WARRINGTON and Halton Hospital has been rated 'red' for overall infant mortality rates.

Almost a fifth of NHS trusts in the country received the same rating following a report shared by The Mothers and Babies: Reducing Risk through Audit and Confidential Enquiries which revealed they had been flagged for perinatal mortality.

Published last month, the report looked at data for 2020.

Trusts with mortality rates more than five per cent higher than an average of peer group providers are given a red rating.

Out of the 23 flagged across the country, for 17 of them their mortality rates were not high enough on one of the stillbirth or neonatal measures to be red-rated, but sufficiently high enough on both indicators to tip their overall extended overall perinatal rating into the red.

During 2020, Warrington and Halton Teaching Hospitals NHS Foundation Trust Trust (WHH) reported 13 stillbirths and three neonatal deaths.

Of the 13 stillbirths reported:

• Two were instances where women did not book or receive antenatal care with the trust, and sadly presented for the first time with stillbirths

• One woman presented at 23+6 gestation and so the loss occurred before viability. However, the baby was delivered the following day at 24 weeks and so was reported as a stillbirth.

Of the three neonatal deaths reported:

• One baby had a congenital anomaly and should have been reported as such and excluded from these figures

• One baby died at Alder Hey Children’s Hospital and should have been included in their figures, however Warrington conducted the review and reported.
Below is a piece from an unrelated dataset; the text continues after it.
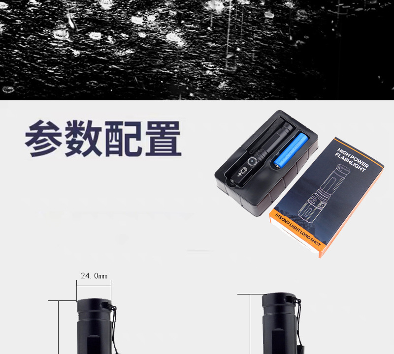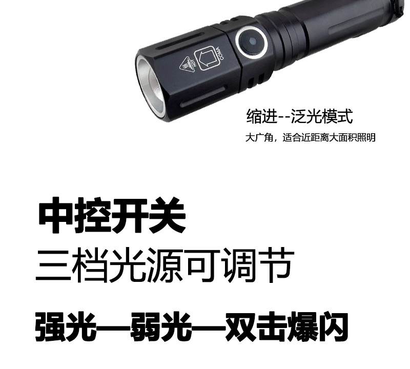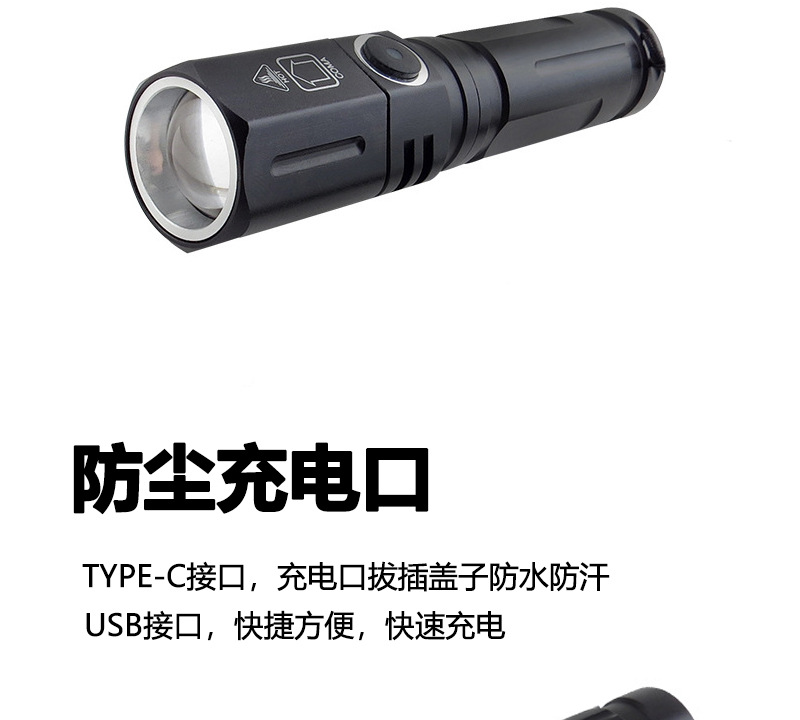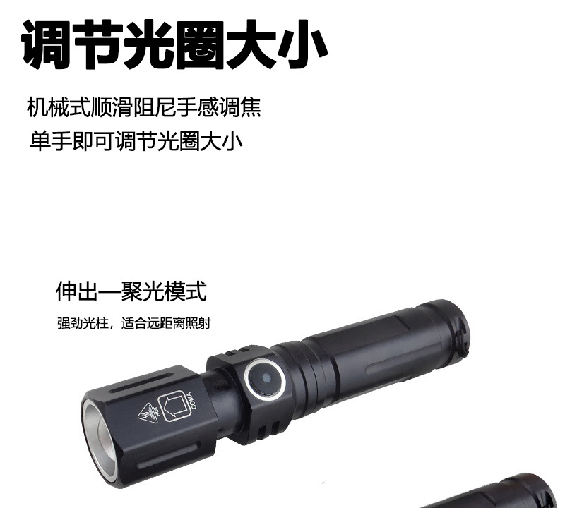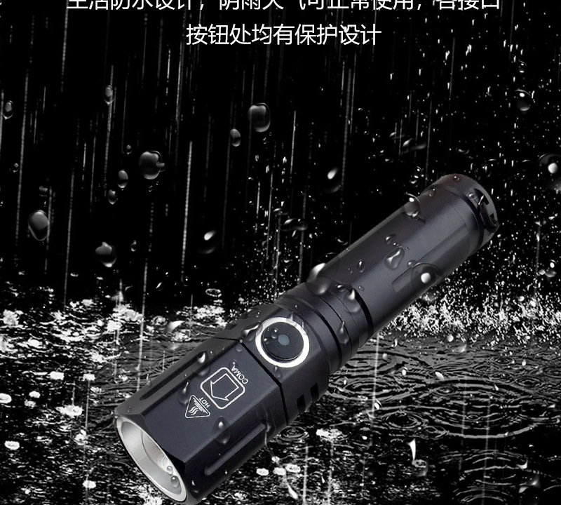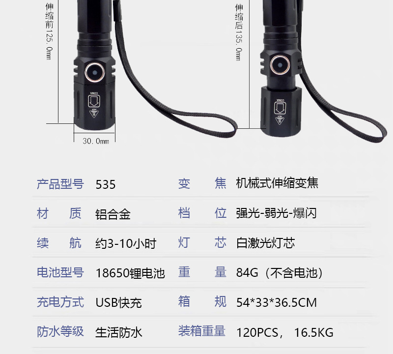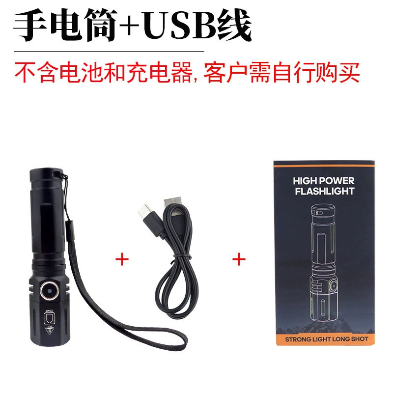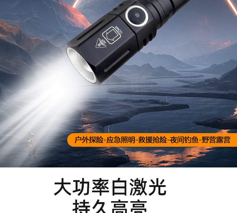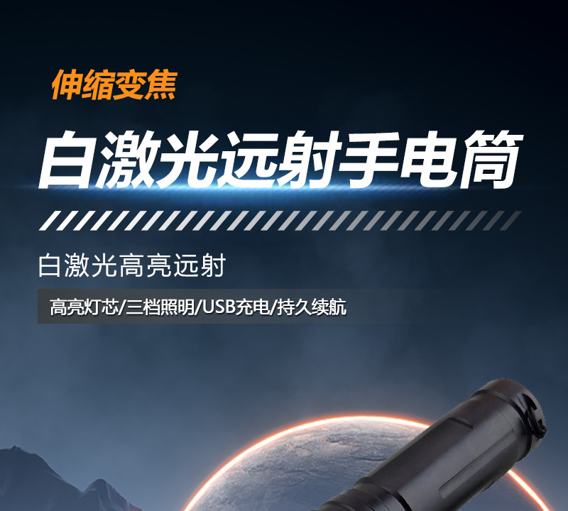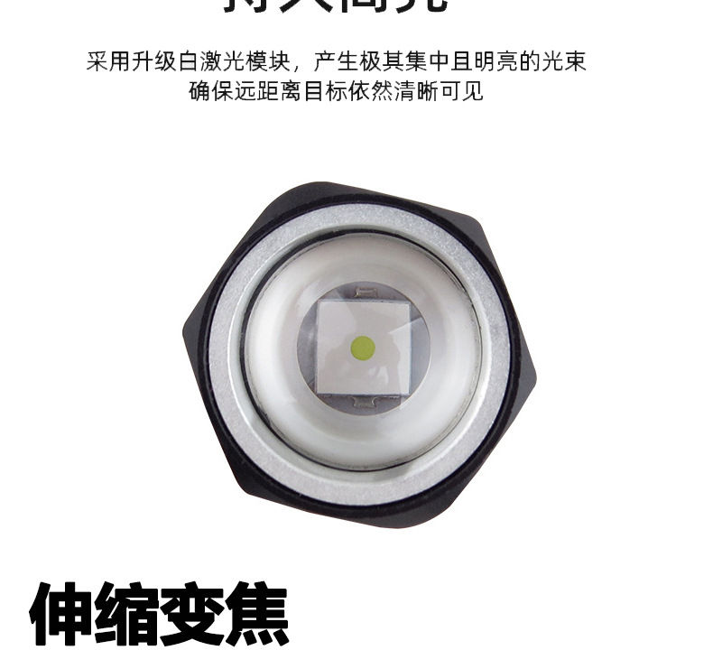 국경 간 새로운 강한 빛 손전등 LED 흰색 레이저 줌 충전식 야외 비상 조명 미니 손전등

Kimberley Salmon-Jamieson, chief nurse, and deputy chief executive at WHH, said: “The loss of a baby under any circumstance is a tragedy and our heartfelt condolences remain with the families concerned.

“The safe, high-quality care of mother and baby is our absolute priority.

“Our maternity services have been rated ‘good’ by the Care Quality Commission and we are committed to continuously improving the care we provide in partnership with women and their families.

“Any maternity-related incident undergoes rapid investigation, is rigorously scrutinised by a panel of clinicians and any significant findings influence change and improvement in practice where required.

“We conduct the National Perinatal Epidemiology Unit’s Perinatal Mortality Review Toolkit for each case, with external representation from obstetricians, midwives, and neonatologists as necessary.

“We encourage families, who are supported by our bereavement midwives, to ask questions about their care and share the reports with them, and all cases are presented to our Trust Board of Directors.”

WHH has since reported lower figures relating to births in 2021.

Warrington Guardian: Halton General HospitalHalton General Hospital

The overall number of red-rated providers for perinatal mortality was up from 14 in the previous 2019 audit.

Trusts with mortality rates in the red band are expected to carry out detailed local reviews to see if any of the deaths were avoidable or find out any local factors that might explain the high rate.

The Mothers and Babies: Reducing Risk through Audit and Confidential Enquiries report uses stabilised and adjusted mortality rates that account for key risk factors, including deprivation and the baby’s ethnicity.